*************The 2016 Powerlifting Totals Thread*************

You bench 130 and squat 90. Am I reading that right? That's a good bench right there and it seems there are plenty of gains to be made in the squat and deads :cool:
 
You bench 130 and squat 90. Am I reading that right? That's a good bench right there and it seems there are plenty of gains to be made in the squat and deads :cool:

You are indeed :p

I only started deadlifting right at the end of last year and only started squatting properly at the start of the summer.

I now absolutely love deadlifting and squats :D
 
Years :)

Lots of upper body days, not many leg days :p.

Working to turn that around though.

At least you're doing something about it which is good! :)

When I used to do door work, on of the guys was exactly the same, and he was so easy to take down, little tap to the knee and down he went! :D

Like a house on stilts, knock out the stilts and it topples ;)

Good luck on your journey and keep going for it!
 
At least you're doing something about it which is good! :)

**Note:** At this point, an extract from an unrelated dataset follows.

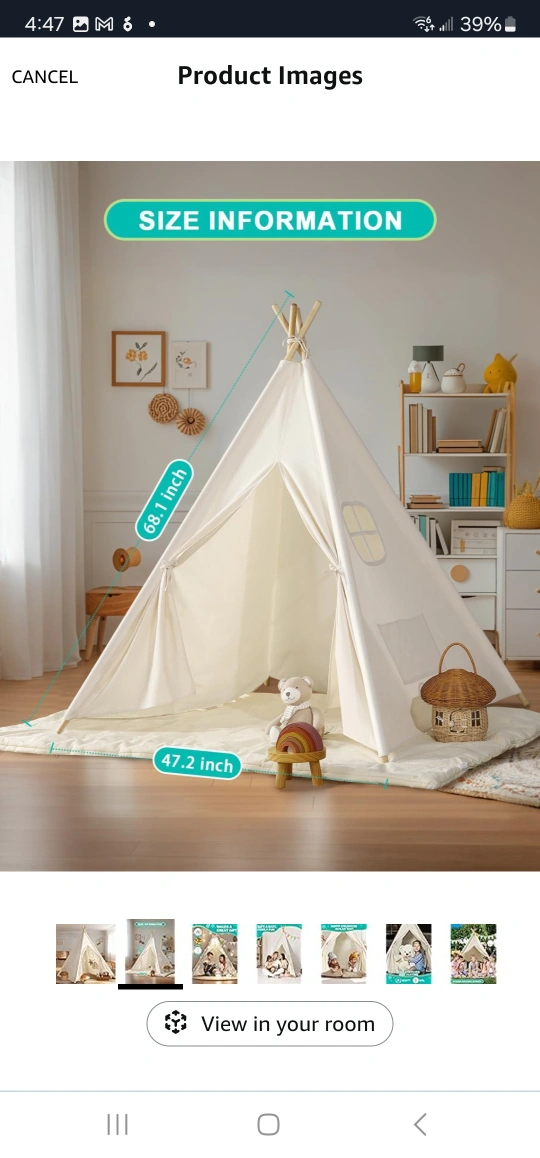 Selling a brand new SumbaBaby Teepee Tent for kids! It comes in its original box and includes all components. This natural cotton canvas teepee play tent is perfect for indoor and outdoor fun for girls and boys. It's ASTM certified for safe playing. The tent is 68.1 inches tall and 47.2 inches wide. Makes a great gift!

When I used to do door work, on of the guys was exactly the same, and he was so easy to take down, little tap to the knee and down he went! :D

Like a house on stilts, knock out the stilts and it topples ;)

Good luck on your journey and keep going for it!

I knew a few like that, every night was spray on tshirt night.
 
Did mine this morning out of curiosity. Started stronglifts in April as i was weak as hell, its starting to pay off now :)

NexusK --------------------137.5/82.5/155--------------------[72]----------------375

I felt like i had another +2.5KG or +5 in the bench but was too scared to try it without a spot. It was also the first time i've experience failing on squats, that moment of panic before i remembered the bars on the rack could catch the bar lol.
 
A guy in my gym has massive arms and chest but he has to put 2.5kg plates under his heels to squat 80kg just to parallel. It looks quite ridiculous but then again I'm pretty sure half the clientele there don't do legs at all.
 
A guy in my gym has massive arms and chest but he has to put 2.5kg plates under his heels to squat 80kg just to parallel. It looks quite ridiculous but then again I'm pretty sure half the clientele there don't do legs at all.

I have to have a 15kg under my heels on any weight to keep decent form. Sadly I have very taught Achilles tendons I would wager. I squat and I go on my toes almost. So for safety its essential.
 
I have to have a 15kg under my heels on any weight to keep decent form. Sadly I have very taught Achilles tendons I would wager. I squat and I go on my toes almost. So for safety its essential.

Same for me. It's a more quad dominant version of the exercise, Arnie used to do it apparently
 
I'd wager some people genuinely don't have the joint rom to hit "depth" but they're a minority. Squat shoes would eliminate the need for a plate under the heels and provide a much more stable base.

The only person I've ever encountered who they didn't "fix" was a dancer who neglected her calf stretching for years! She spent so much time on her toes that it shortened to the point that she had to have surgery to lengthen it.
 
I doubt even squat shoes would help me :(

My squat depth has been questioned before due to standing position/camera if showing but when I've had people watch they ALL without exception say it goes plenty below parallel and there's virtually no lower I can go save for paused sets and allowing me to sink a bit.

I am that minority.

While your here Reiyushin, just wondering as a general "rule of thumb" if I wanted hit a 250 squat (failed it 4x now) how many reps would I be looking at from a 220? I currently manage 3-4 depending on session?
 
My best before my 250 squat was 3x4x220 but that was coming at it with an inhuman amount of fatigue (the full 13 week smolov cycle)

If you're not squatting 3-4x per week then I'd estimate you'll need a 230x4 before you'll be on track for a 250 but everyone is different.
 
Looking good DarkShadow!



Actually got this wrong, didn't add in the bar for my squat, so:

Captainrave ----------------- 90 / 130 / 145 -------------- [80] --------- 365

Fingers crossed for similar gains in 4 weeks :D

New totals:

Captainrave ----------------- 100 / 135 / 145 -------------- [77] --------- 380

Have managed to shed some body fat too with my new diet.